Editoriali
‘Italia, come stai?’: ripresa troppo lenta dopo Sochi 2014. Non ci siamo ancora
A dispetto dei soliti commenti trionfalistici di pragmatica da parte delle istituzioni (“Abbiamo migliorato Vancouver, il movimento è in crescita, etc.“), a nostro parere l’Italia ha toccato il punto più basso della sua storia alle Olimpiadi Invernali a Sochi 2014, come dimostra il ventiduesimo posto finale nel medagliere con zero ori, alle spalle di nazioni come Slovacchia, Ucraina, Slovenia e Gran Bretagna.
Rispetto ad allora, purtroppo, non è cambiato molto. Certo, impossibile fare miracoli in meno di un anno, tuttavia in molti casi non si intravedono nemmeno dei deboli sentori di un rinnovamento che possa portare dei riscontri a medio-lungo termine.

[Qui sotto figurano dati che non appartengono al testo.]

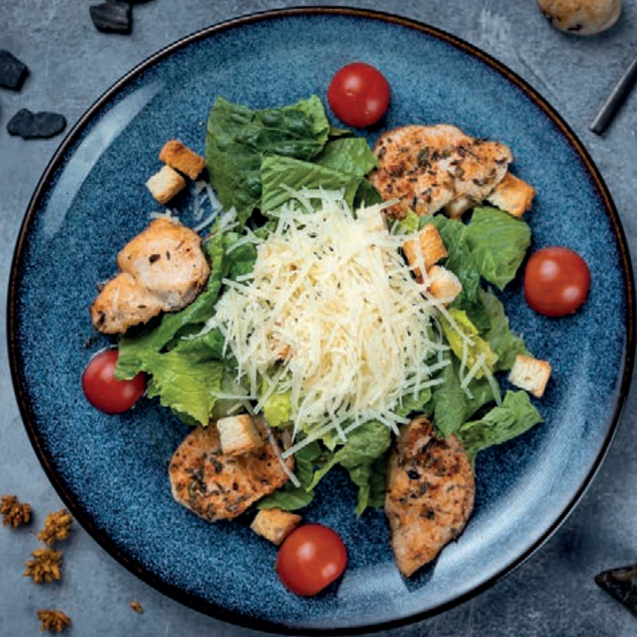
Цезарь с курицей
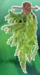
ชื่องนางคลี่
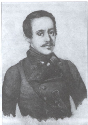
М.Ю. ЛЕРМОНТОВ В СЮРТУКЕ ОФИЦЕРА ТЕНГИНСКОГО ПЕХОТНОГО ПОЛКА.

Портрет работы художника К.А. Горбунова. Акварель. 1841 г.
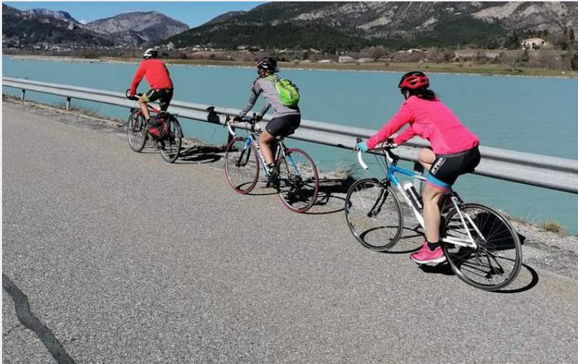
Le long du Buëch (CCSB)
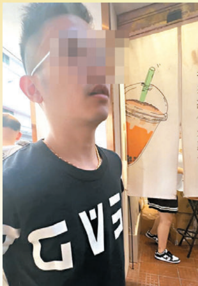
◆香港文匯報記者向黃小姐工作過的奶茶店店長求證。
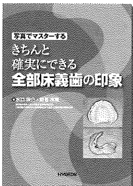
A4判・96頁・オールカラー・定価6,825円(税込)
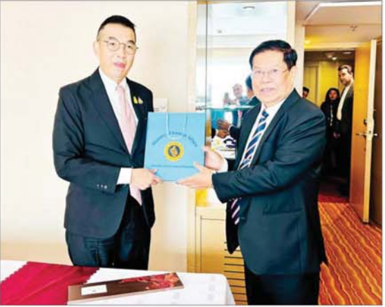
ဒုတိယဝန်ကြီးချုပ်နှင့် နိုင်ငံခြားရေးဝန်ကြီးဌာန ပြည်ထောင်စုဝန်ကြီး ဦးသန်းဆွေ ထိုင်းနိုင်ငံခြားရေးဝန်ကြီး မစ္စတာ မာရစ်ဆတ်ဇီယမ်ဖုန်နှင့် တွေ့ဆုံ ဆွေးနွေးပြီးနောက် အမှတ်တရလက်ဆောင်ပစ္စည်းပေးအပ်စဉ်။

တီဟီရန် ဇွန် ၂၅ (၁၉) ကြိမ်မြောက် အာရှပူးပေါင်းဆောင်ရွက်ရေးဆိုင်ရာ ဆွေးနွေးပွဲအဖွဲ့ (အေစီဒီ) ၏ နိုင်ငံခြားရေးဝန်ကြီးများ အစည်းအဝေးသို့ တက်ရောက်ရန် တီဟီရန် မြို့၌ ရောက်ရှိနေသည့် ဒုတိယဝန်ကြီးချုပ်နှင့် နိုင်ငံခြားရေးဝန်ကြီးဌာန ပြည်ထောင်စုဝန်ကြီး ဦးသန်းဆွေသည် ဇွန် ၂၄ ရက် ဒေသစံတော်ချိန် နံနက် ၈ နာရီတွင် ထိုင်းနိုင်ငံ နိုင်ငံခြားရေးဝန်ကြီး Mr. Maris Sangiampongsa နှင့်လည်းကောင်း၊ ဒေသစံတော်ချိန် ညနေ ၃ နာရီခွဲတွင် နီပေါနိုင်ငံ ဒုတိယဝန်ကြီးချုပ်နှင့် နိုင်ငံခြားရေးဝန်ကြီး Mr. Narayan Kaji Shrestha Prakash နှင့် လည်းကောင်း၊ ဒေသစံတော်ချိန် ညနေ ၄ နာရီခွဲတွင် ကာတာနိုင်ငံ State Minister of Foreign Affairs Mr. Soltan Saad S. K. Al-Moraihi နှင့်လည်းကောင်း တီဟီရန်မြို့ရှိ ပါရနီအစာဒီဟိုတယ်၌ သီးခြားစီ တွေ့ဆုံသည်။
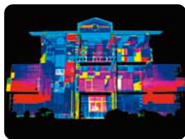
プロジェクションマッピング by ZERO-TEN

本作品の美術には、日本を代表する洋画家、絹谷幸二氏が本作の為に作品「飛鳥に寄せて」を制作しました。これを基にした映像演出によって創り上げる舞台空間は、ファンタジーの世界に繋がる壮大ないにしへの都。日本が誇るオペラ・バレエの劇場、新国立劇場の充実した舞台空間で、古来の日本の美と最新のメディアアートが融合する新しいバレエの世界が誕生します。
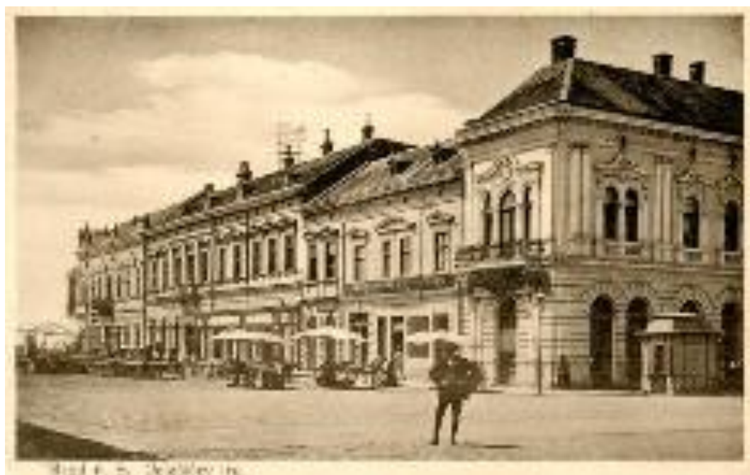
Slika 4. - Primjer skenirane razglednice.

Sadržaj zbirke dostupan je svim kategorijama korisnika kroz zasebno mrežno mjesto (engl. web site ) u sklopu postojećih mrežnih stranica Gradske knjižnice Slavonki Brod

Al momento le uniche note davvero liete sono rappresentate dal biathlon femminile e dallo slittino. Nel primo caso Karin Oberhofer e Dorothea Wierer hanno compiuto il definitivo salto di qualità, in attesa dell’esplosione di Lisa Vittozzi che ha subito impressionato al debutto in Coppa del Mondo. Tra i budelli ghiacciati, invece, Dominik Fischnaller non fa rimpiangere Armin Zoggeler, mentre in doppio Florian Gruber e Simon Kainzwaldner hanno lasciato intravedere le qualità giuste per raggiungere il vertice nei prossimi anni; non male nemmeno l’avvio di Sandra Robatscher ed Andrea Voetter, utili al momento soprattutto in chiave team-event.
Tra gli sport in ascesa citiamo anche il curling, con la storica quarta posizione agguantata agli Europei dalla compagine di Amos Mosaner e Joel Retornaz, qualificatasi per i Mondiali.
Nello speed skating migliora progressivamente Andrea Giovannini, ormai stabilmente tra i migliori 15 al mondo nei 5000 metri e tra i big della mass start. Ma in questo caso, come vedremo a breve, si tratta di una sola individualità che spicca in un contesto di squadra ombroso.
Prendiamo ad esempio lo sci alpino. In questo momento il Bel Paese può contare su soli due atleti capaci di andare costantemente a podio nelle rispettive specialità: Dominik Paris (discesa e superG) e Federica Brignone (gigante). Qualcosa di buono, in maniera più sporadica, potrà arrivare anche dai vari Innerhofer, Fill, Heel, Nadia Fanchini e Daniela Merighetti. Eppure esistono troppi problemi irrisolti da anni. Non si intravedono alternative credibili tra i giovani in campo maschile, sia nella velocità (dove Mattia Casse e Siegmar Klotz continuano a navigare nelle retrovie), sia in gigante (dove gli infortuni di Alex Zingerle e Luca De Aliprandini hanno influito pesantemente), sia soprattutto in slalom (il fatto che il migliore sia ancora il quasi 37enne Patrick Thaler e che si attenda con ansia il ritorno del 32enne Manfred Moelgg, dice tutto). Situazione non molto migliore tra le donne, dove all’orizzonte non si avvistano nomi nuovi nella velocità (fondamentale ritrovare una Sofia Goggia competitiva), in gigante le promettenti Marta Bassino e Karoline Pichler scontano un calendario assurdo (con sole sette gare in programma, troppo poche per poter prendere confidenza in tempi brevi con il circuito maggiore) ed in slalom i tecnici devono fare i conti con un vuoto agghiacciante, colmato solo dalle buone prestazioni delle veterane Chiara Costazza e Manuela Moelgg. Senza ricambi, lo sport sparisce. Guai dunque ad adagiarsi sui risultati di Paris e Brignone. Il futuro sembra lontano, ma occorre lavorare con lungimiranza per evitare il materializzarsi di un presente fosco.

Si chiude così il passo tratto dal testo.